For starters, the Vancouver Sun has an interesting piece that looks at the shifts brought about by Amazon’s Kindle and e-reader strategy, summarizing the issues facing the publishing industry at the moment. Amazon’s loss-leader strategy vs. agency pricing come in for discussion, as well as the possible effects of the DoJ antitrust lawsuit. It does seem to favor the publishing-industry side of things just a bit, though:
While the lawsuit sounds like good news for consumers, it’s possible it could be detrimental for publishers and authors who could be forced to sell their products for even lower prices to compete with Amazon.
“We hope it doesn’t lower prices, because that would harm revenues for publishers — and by extension authors — and we’re going to end up without any books,” [associate publisher of Arsenal Pulp Press and president of the Association of Book Publishers of British Columbia Robert] Ballantyne said. “With retail [business] crashing, publishers don’t need the lower prices.”
The more book prices are cut, consumer expectations for cheap books increase and book publishing becomes unsustainable, [Vancouver publisher Douglas & McIntyre chief operating officer Jesse] Finkelstein said.
The article also covers the examples of some self-publishing authors who have been able to make a decent living from their work, though is careful to point out that the huge successes are the exception, not the rule.
Meanwhile, author Peter Nowak recently talked with Russ Grandinetti, Amazon’s VP of Kindle content. Grandinetti observed that publishers need to be thinking about how to stay relevant in today’s world:
“The question is not, will reading become increasingly digital, that seems very likely. The question then becomes for the people who add value and try to be useful to authors and readers – and that includes publishers and booksellers – how do you evolve being useful in a digital world? … Nobody in publishing was thinking about whether their authors needed a Twitter feed five or 10 years ago, but it’s probably something they’re thinking a lot about now. Publishers will have to explore how to listen to authors, observe what sells books and find a way to adapt and be useful in that scenario.”

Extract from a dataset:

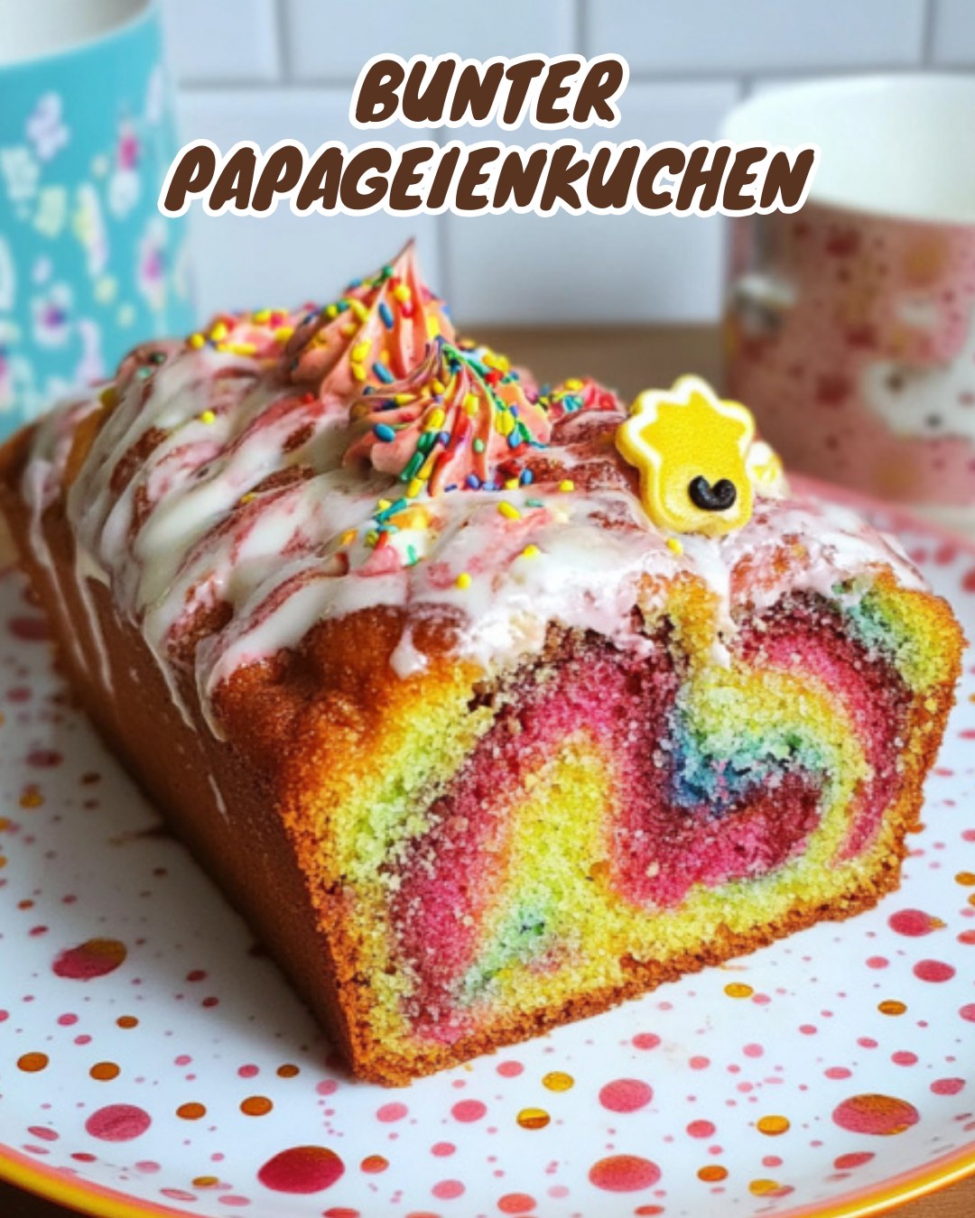 Dieser farbenfrohe Papageienkuchen bringt Freude auf jede Kaffeetafel! Saftiger Rührteig, gefärbt in verschiedenen Tönen, und ein süßer Zuckerguss machen ihn zum Highlight für Groß und Klein.

Grandinetti adds that it’s great that authors are getting more choices now, more options in how to publish than just to submit it to a traditional publishing house. He also points out that most people who buy the Kindle often buying three to four times more books afterward, and find that they are “recapturing minutes of the day for reading” that they did not have before—so reading at least does have a future, even if publishers are having trouble finding the way to reach it.
We’re living in an interesting time for the publishing industry. Maybe in a few years, after all the legalities have been thrashed out and publishers have at last been forced to adapt or die, we’ll see things start to settle down. Or maybe not. Either way, there’s a lot of uncertainty going around right now, and I wonder whether we’ll think things are better or worse in five years or so?